TASK GOAL:
Output the data below only from the line containing "44 Dining table" up to and including the line containing "Vento mette in", exact and with the pictures left out.

[Data entries]
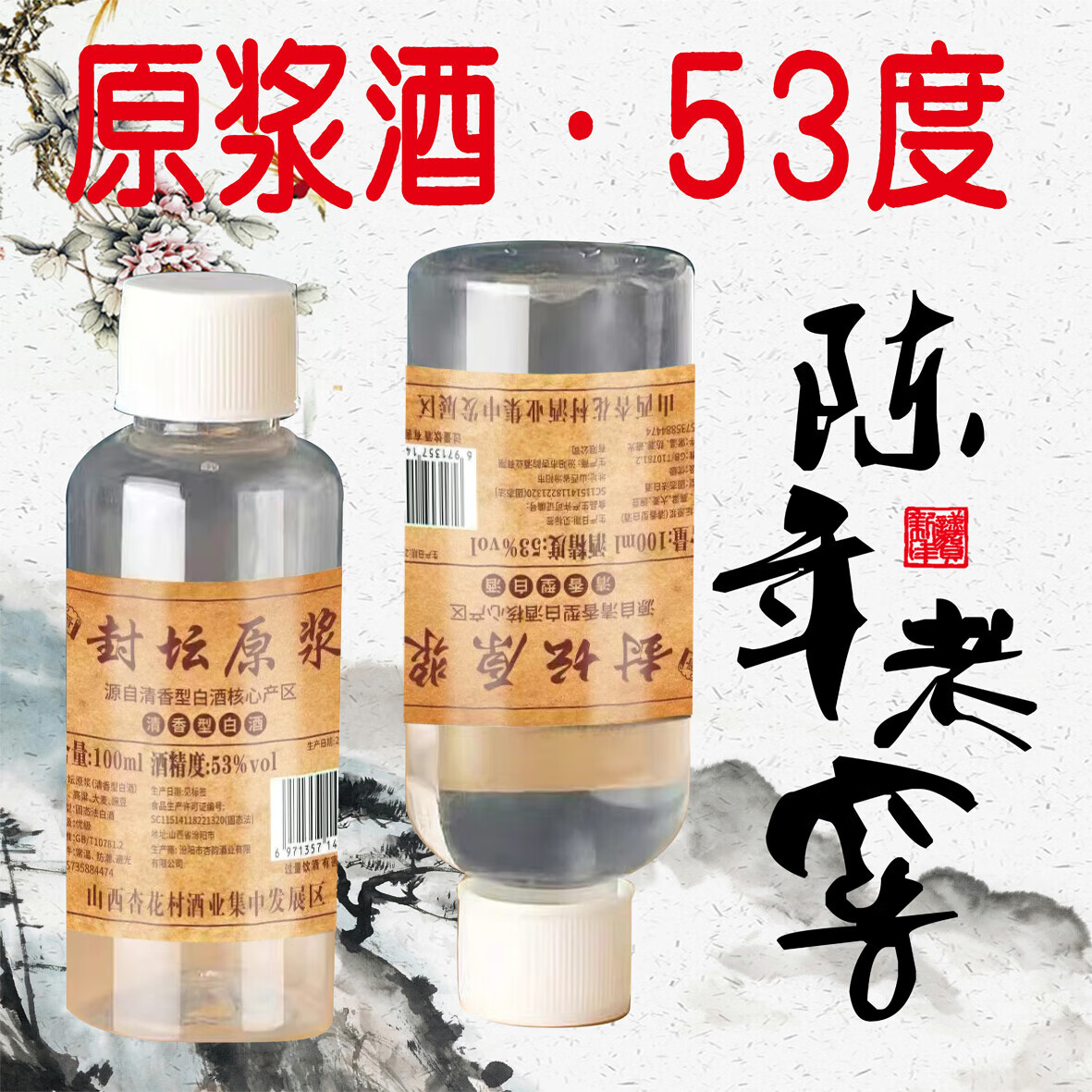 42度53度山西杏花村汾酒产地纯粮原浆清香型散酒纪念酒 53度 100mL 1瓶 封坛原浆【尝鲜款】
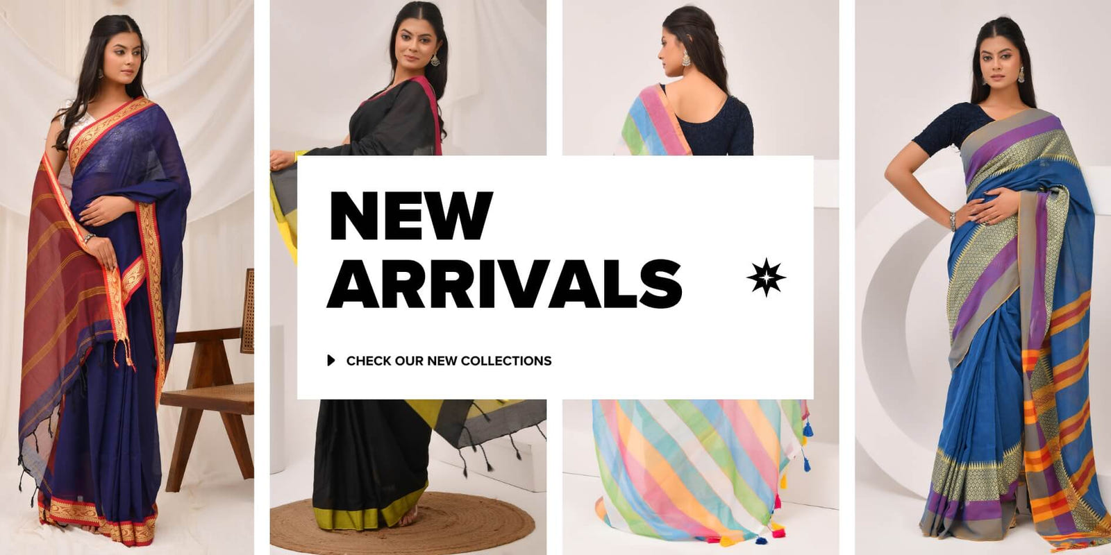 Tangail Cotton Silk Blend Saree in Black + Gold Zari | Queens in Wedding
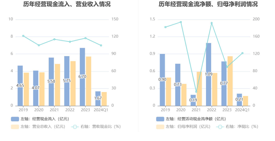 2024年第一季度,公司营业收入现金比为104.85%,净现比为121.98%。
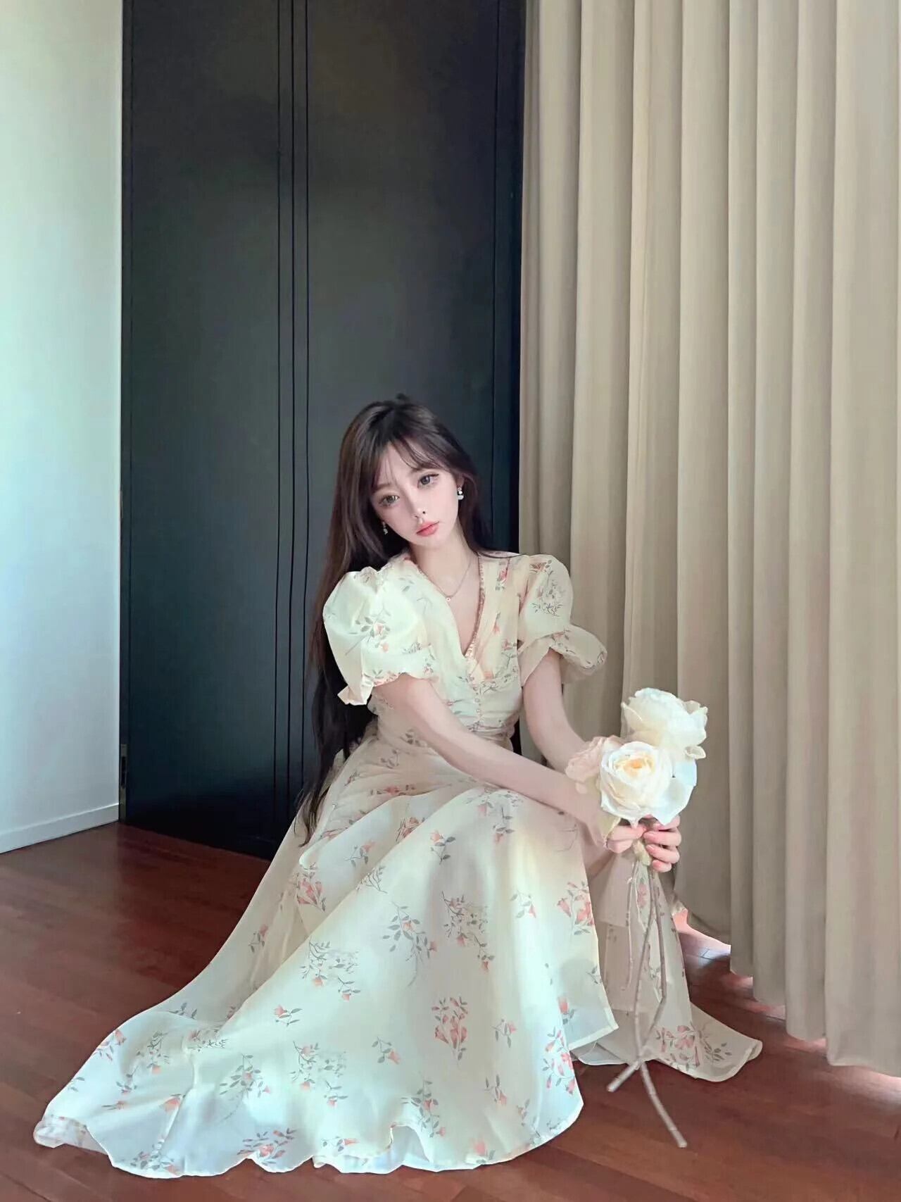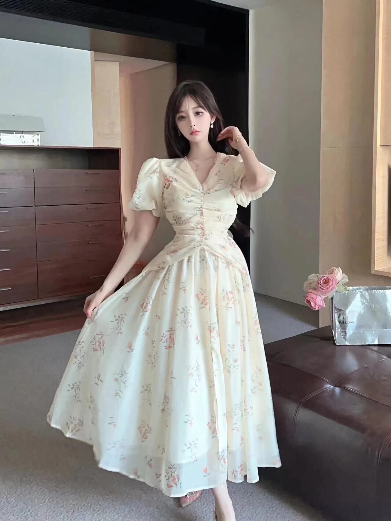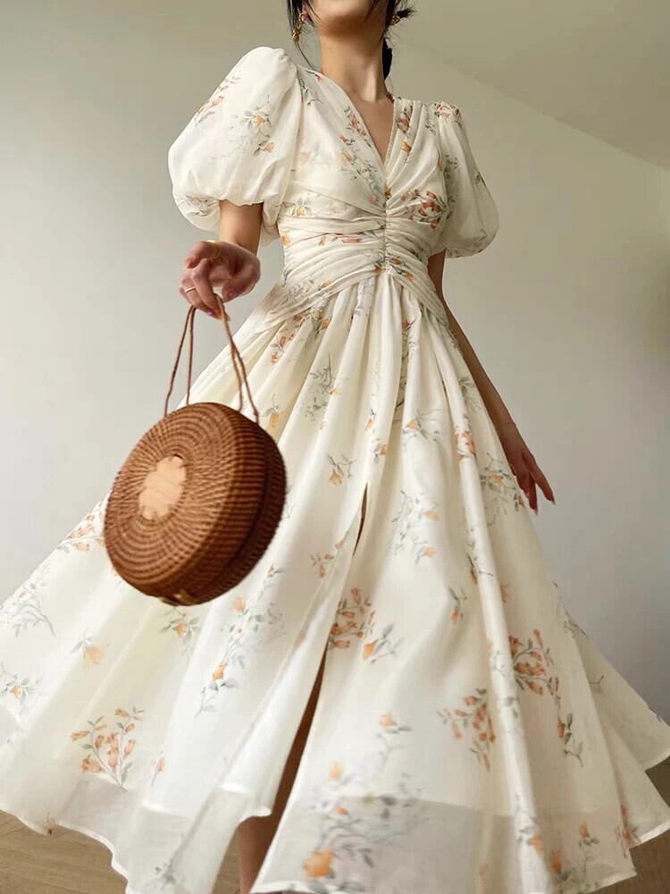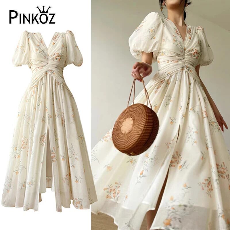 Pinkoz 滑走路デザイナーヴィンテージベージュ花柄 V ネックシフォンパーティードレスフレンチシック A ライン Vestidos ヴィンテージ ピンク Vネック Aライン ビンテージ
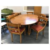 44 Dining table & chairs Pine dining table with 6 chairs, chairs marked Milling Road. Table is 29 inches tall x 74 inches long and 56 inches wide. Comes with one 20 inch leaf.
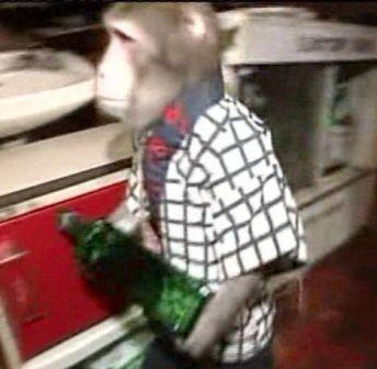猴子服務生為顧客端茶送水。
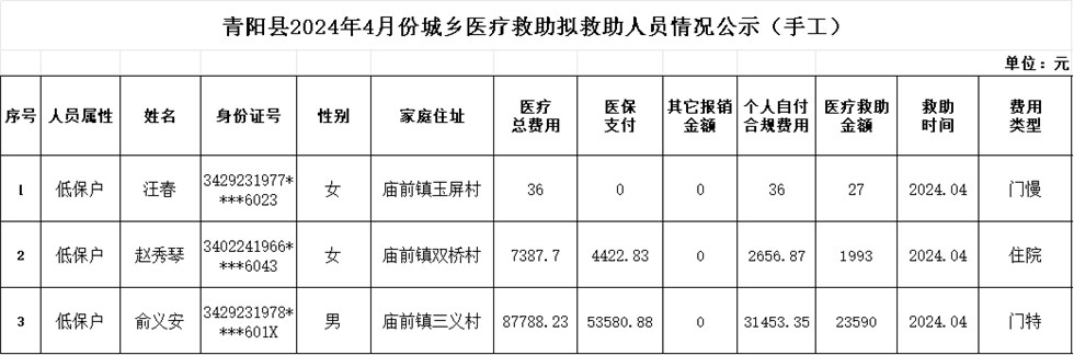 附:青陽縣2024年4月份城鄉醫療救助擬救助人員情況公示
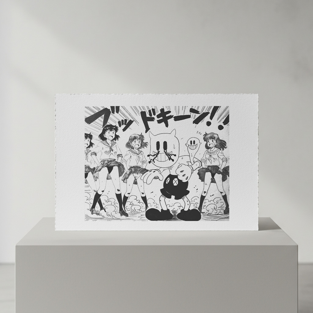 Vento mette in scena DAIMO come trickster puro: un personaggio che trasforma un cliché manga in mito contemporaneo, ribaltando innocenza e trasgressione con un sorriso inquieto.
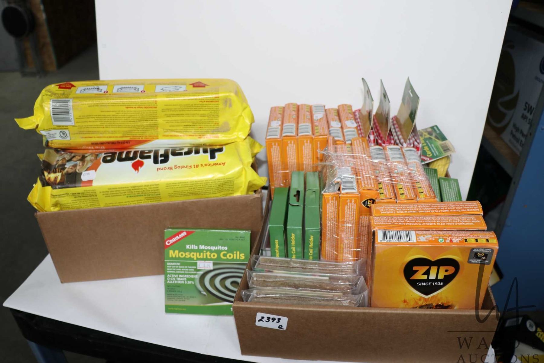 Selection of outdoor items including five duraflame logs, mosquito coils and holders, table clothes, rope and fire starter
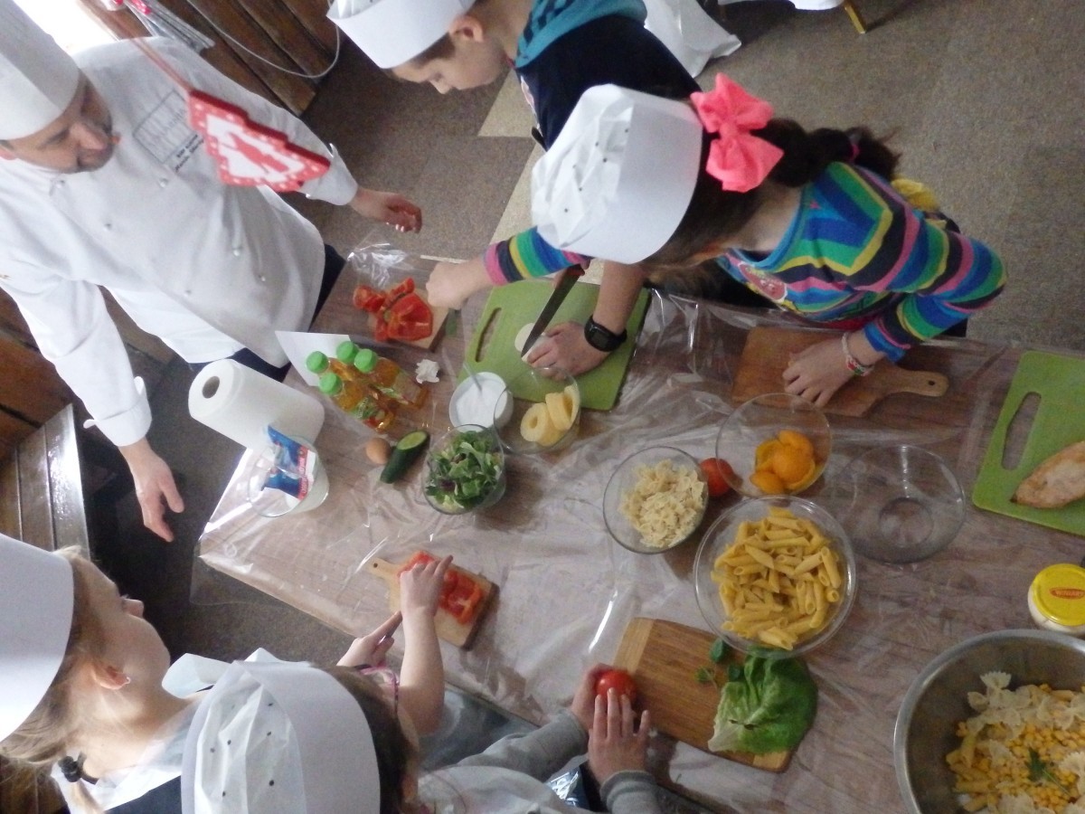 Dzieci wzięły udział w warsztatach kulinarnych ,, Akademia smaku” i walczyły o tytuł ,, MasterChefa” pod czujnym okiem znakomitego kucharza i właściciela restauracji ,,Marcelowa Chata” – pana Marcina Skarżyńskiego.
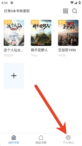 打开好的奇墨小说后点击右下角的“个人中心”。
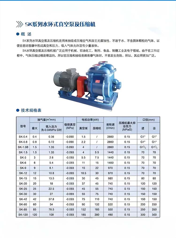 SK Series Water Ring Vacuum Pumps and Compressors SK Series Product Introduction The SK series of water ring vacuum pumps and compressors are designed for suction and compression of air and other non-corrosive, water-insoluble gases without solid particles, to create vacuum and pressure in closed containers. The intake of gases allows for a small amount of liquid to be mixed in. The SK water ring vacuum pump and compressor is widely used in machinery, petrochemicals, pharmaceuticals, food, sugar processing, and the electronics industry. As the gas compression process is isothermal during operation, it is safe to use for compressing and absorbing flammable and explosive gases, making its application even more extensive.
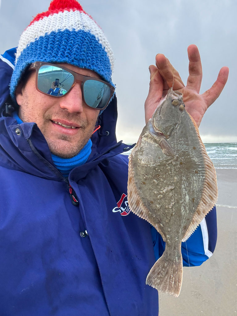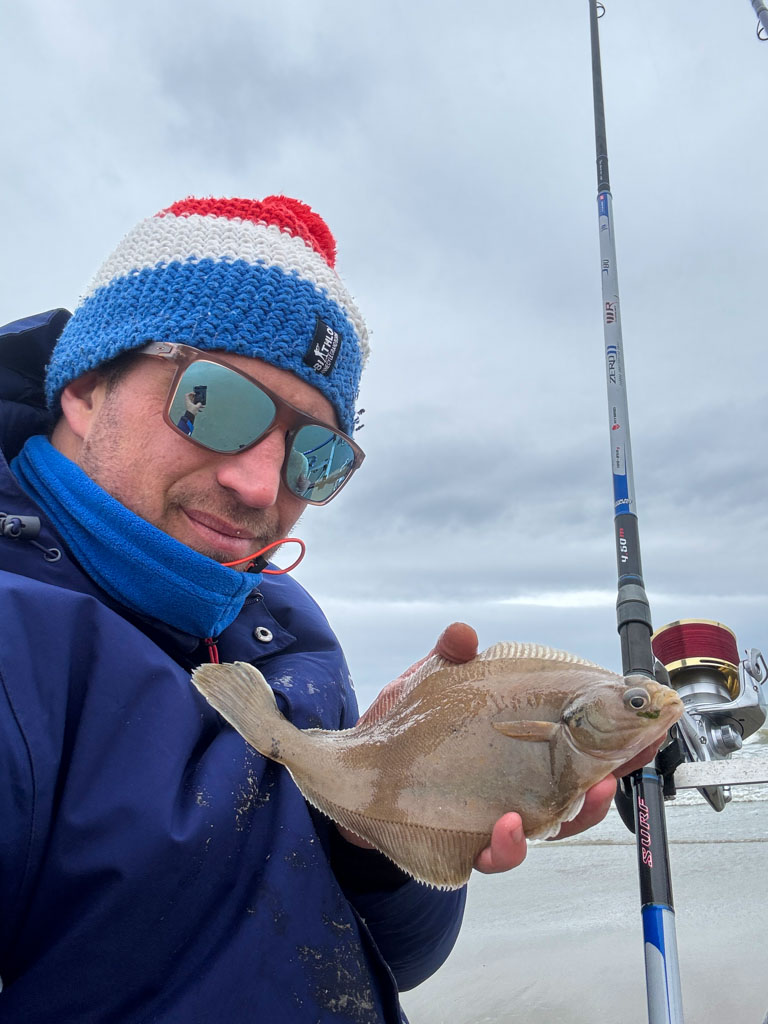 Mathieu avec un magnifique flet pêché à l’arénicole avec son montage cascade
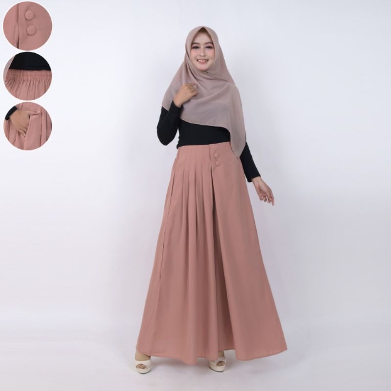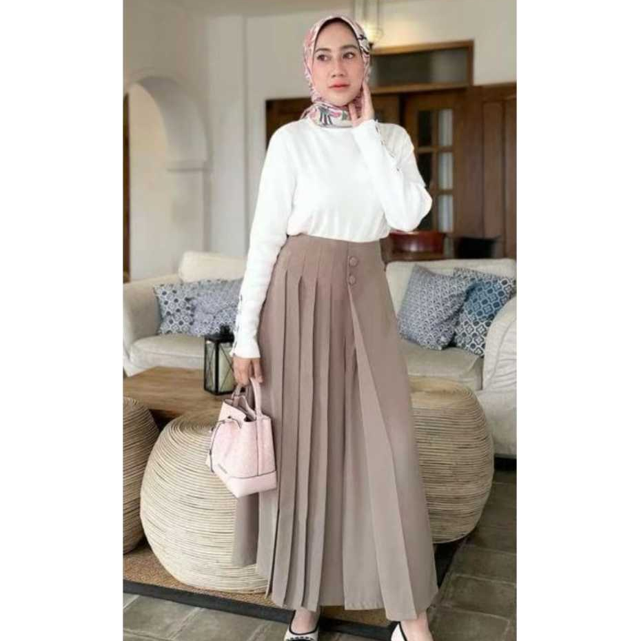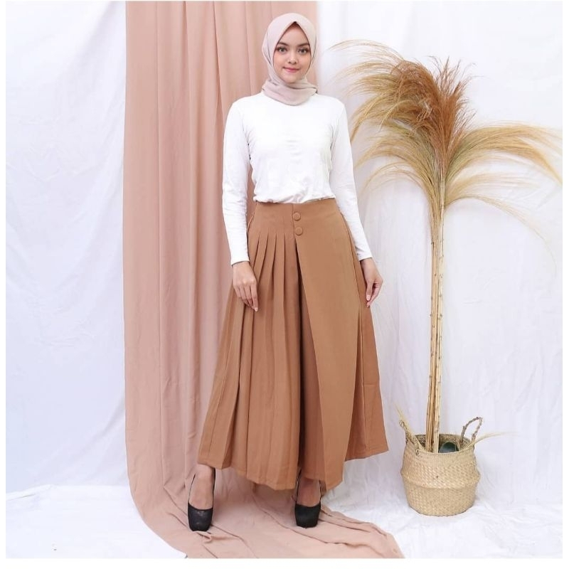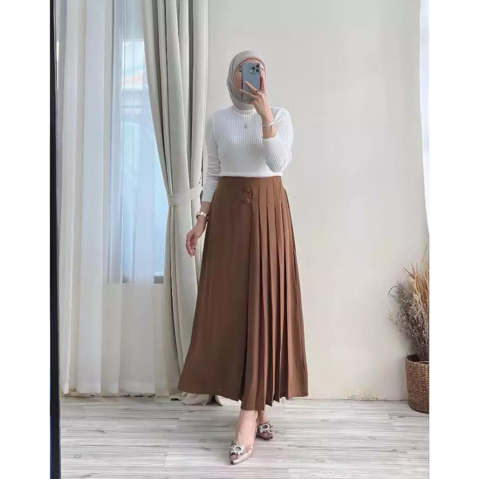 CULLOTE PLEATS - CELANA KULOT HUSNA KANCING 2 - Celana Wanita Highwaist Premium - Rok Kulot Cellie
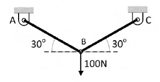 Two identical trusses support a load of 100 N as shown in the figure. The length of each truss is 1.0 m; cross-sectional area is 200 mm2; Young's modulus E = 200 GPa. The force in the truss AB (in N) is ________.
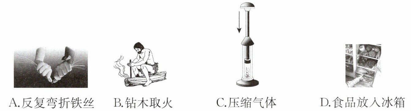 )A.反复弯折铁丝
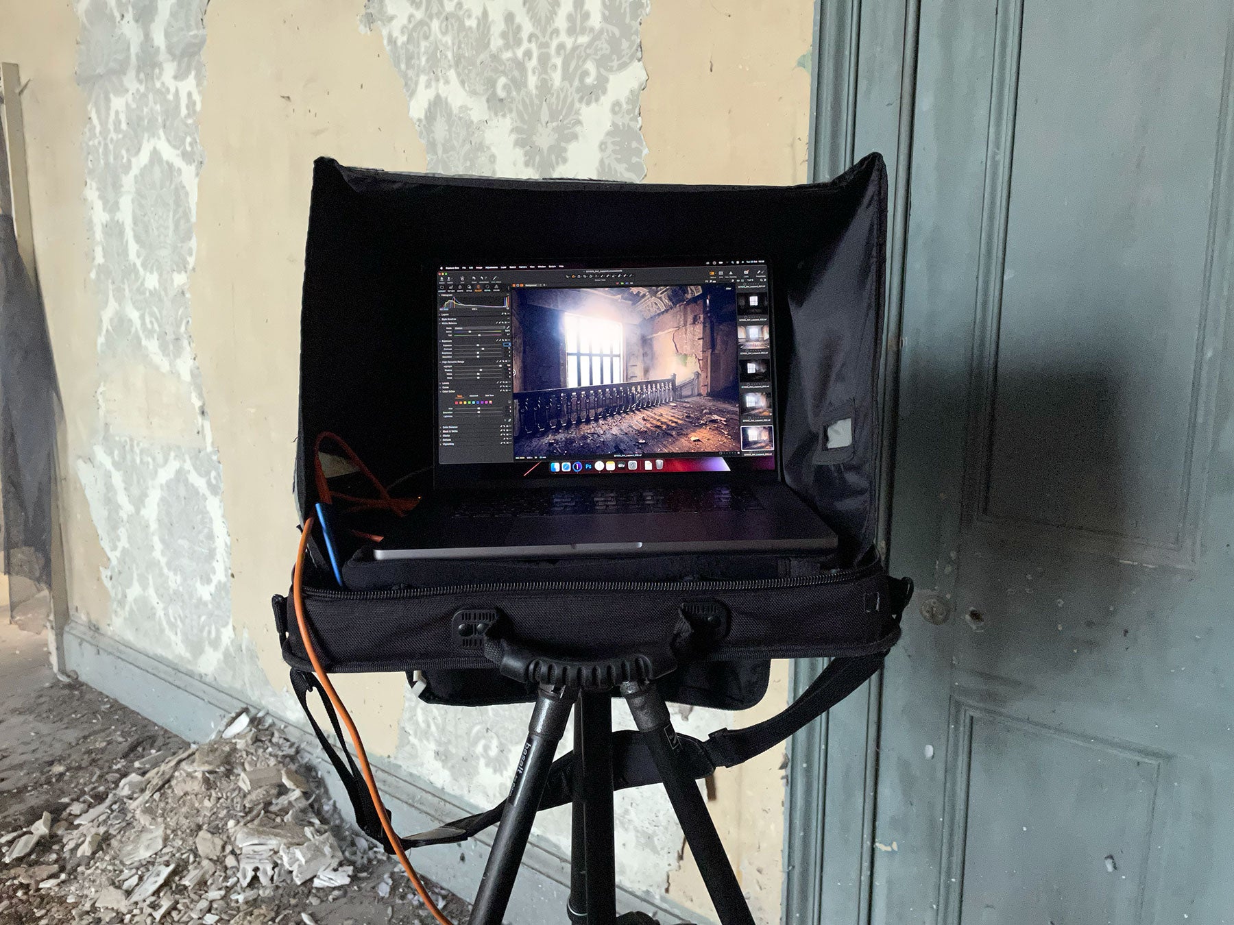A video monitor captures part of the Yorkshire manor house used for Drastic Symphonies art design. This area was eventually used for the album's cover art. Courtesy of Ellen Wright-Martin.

WRITTEN SOLUTION:
 44 Dining table & chairs Pine dining table with 6 chairs, chairs marked Milling Road. Table is 29 inches tall x 74 inches long and 56 inches wide. Comes with one 20 inch leaf.
猴子服務生為顧客端茶送水。
 附:青陽縣2024年4月份城鄉醫療救助擬救助人員情況公示
 Vento mette in scena DAIMO come trickster puro: un personaggio che trasforma un cliché manga in mito contemporaneo, ribaltando innocenza e trasgressione con un sorriso inquieto.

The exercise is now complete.